The GUI would be somewhat confusing if we didn't include labels to describe what the various objects were to be used for. We'll use several instances of the Label class to achieve this goal.
We'll need a container to organize all of these objects into a main window for the GUI; we'll use the Form class for this purpose.
Finally, we'll need a way to pop up various warning/confirmation messages; we'll use the MessageBox class to do so.
All of these classes—Button, Form, Label, ListBox, MessageBox, and TextBox— are defined within the System.Windows.Forms namespace.
Now that we've proposed the objects that we'll use for the SRS GUI, we'll describe each of the chosen classes in more detail, creating the objects and adding them to our SRS GUI as we go. By the end of this section, we'll have completed building the look of the SRS GUI.
One thing to remember with GUI development is that there are multiple ways to achieve the same functional goals. That is, there is nothing "sacred" about the classes that we've chosen for the SRS GUI. We could have, for example, implemented the Add, Drop, Save, and Log Off actions using menu items rather than buttons.
Earlier in this chapter, we discussed how a container is used to organize, manage, and present other objects in a GUI. We can think of a top-level container as a surface onto which all of the other GUI objects are arranged (see Figure 16-27).
In building the SRS GUI, we'll use an instance of the Form class as our main container. A Form object serves as a stand-alone window; note that a Form may not be contained in/attached to any other type of GUI object.

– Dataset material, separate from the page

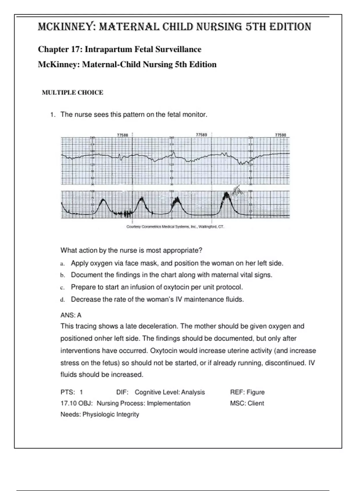 Maternal Child Nursing 5th Edition by McKinney- ISBN- 978-0323401708 TEST BANK Chapter 17: Intrapartum Fetal Surveillance Verified 2024 Practice Questions and 100% Correct Answers with Explanations for Exam Preparation, Graded A+ The nurse sees this pattern on the fetal monitor. What action by the nurse is most appropriate? a. Apply oxygen via face mask, and position the woman on her left side. b. Document the findings in the chart along with maternal vital signs. c. Prepare to start an infusion of oxytocin per unit protocol. d. Decrease the rate of the woman’s IV maintenance fluids. ANS: A This tracing shows a late deceleration. The mother should be given oxygen and positioned onher left side. The findings should be documented, but only after interventions have occurred. Oxytocin would increase uterine activity (and increase stress on the fetus) so should not be started, or if already running, discontinued. IV fluids should be increased. PTS: 1 DIF: Cognitive Level: Analysis REF: Figure 17.10 OBJ: Nursing Process: Implementation MSC: Client Needs: Physiologic Integrity 2. Which maternal condition is considered a contraindication for the application ofinternal monitoring devices? a. Unruptured membranes b. Cervix is dilated to 4 cm c. External monitors are currently being used d. Fetus has a known heart defect ANS: A To apply internal monitoring devices, the membranes must be ruptured. Cervical dilation of 4cm permits the insertion of fetal scalp electrodes and intrauterine catheter. The external monitor can be discontinued after the internal ones are applied. A compromised fetus should be monitored with the most accurate monitoring devices. PTS: 1 DIF: Cognitive Level: Comprehension/UnderstandingREF: p. 338 OBJ: Nursing Process: Planning MSC: Client Needs: Physiologic Integrity

A Form has a title bar, and may optionally be equipped with a menu bar (we won't be using a menu bar for the SRS GUI as designed, however). A Form also automatically provides window control buttons in its upper right-hand corner; from left to right, the three window control buttons are used to minimize the size of, maximize the size of, or close the Form and optionally exit the application (see Figure 16-28).
When building a C# GUI application, one main Form is created at a minimum to hold the objects necessary to provide the desired GUI appearance and functionality. Nontrivial GUI applications typically consist of multiple separate windows—one main Form and multiple other Form/MessageBox/Dialog objects that can represent such things as transient pop-up windows. (We'll use MessageBox objects when we build the SRS GUI, and will discuss them later in this chapter after we've explored event handling a bit.)
A Form object will serve as the primary container for the SRS GUI, but before we launch into actually building the SRS GUI, let's "get our feet wet" by building a simple Form.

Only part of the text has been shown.